Серьёзные награды обещали за обнаружение и уничтожение чужого аэродрома. Награды превратятся в обильный водопад, если удастся захватить аэродром вместе с самолётами. Чужими самолётами.

Аэродром оказался своим. До тридцати ишачков и чаек, по виду целых. И несколько немецких разнородных машин, больших и разных. Ротный пока не разбирался в тонкостях немецкого авиастроения. Познания его ограничивались мессерами и юнкерсами, 87 и 88.

Немцы использовали аэродром для подскока. Машины садились и снова улетали. Какие-то служебные, не боевые. Сейчас там «сидели» три машины, один большой, видимо, транспортный. И два маленьких, чуть больше У-2.

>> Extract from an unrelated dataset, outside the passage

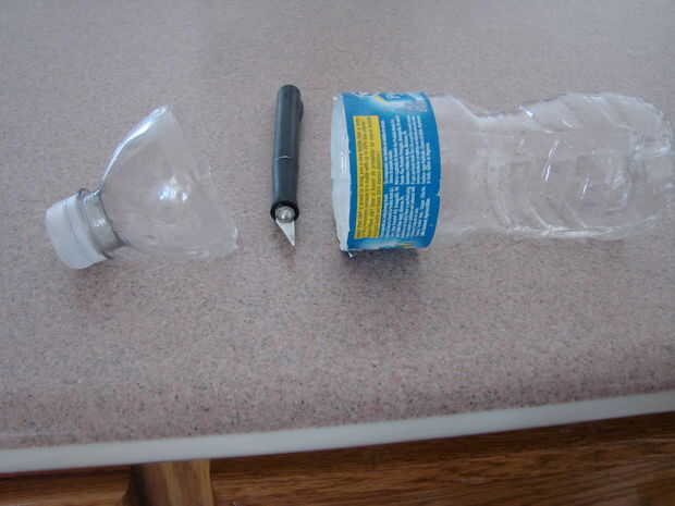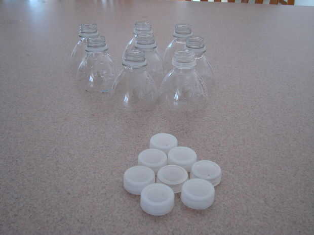 Utilizar el cuchillo o exacto para cortar alrededor de la botella entera, justo por encima de la línea de la etiqueta. Hacerlo con el resto de las botellas hasta que tenga ocho tapas. Tirar o reutilizar los fondos de botella en otro instructivo. Mismo para las tapas, pero asegúrese de mantener al menos uno de ellos! quedará con ocho tapas de botella y una tapa.
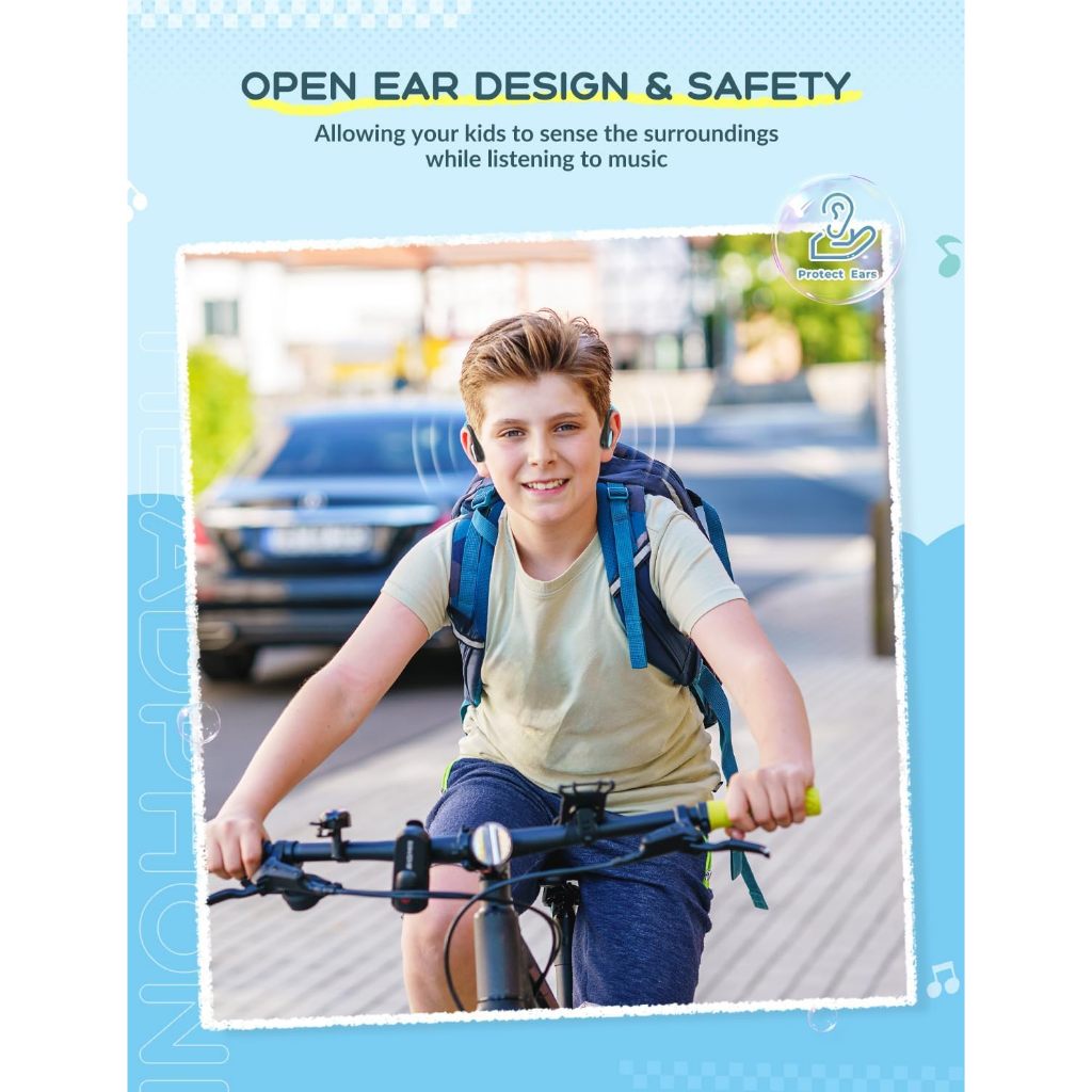 iClever OWS01 Kids Headphones, Bluetooth 5.4 Air Conduction Open Ear Headphones Safe Volume 74&85dBA

И что с этим счастьем делать? Ответ в сомнительных случаях в армии всегда есть. Не знаешь, что делать, поступай по Уставу. А что говорит Устав? Ответ там элементарный: доложить начальству.

Командир отнял от лица бинокль и соскользнул с дерева. Через несколько минут отделение, сопровождающее радиста, уходило подальше в сторону и под прикрытие холма. Передача радиограммы — не такое простое дело, как кажется.

Конец главы 23.

Глава 24. Вильнюс. Миттельшпиль, переходящий в эндшпиль.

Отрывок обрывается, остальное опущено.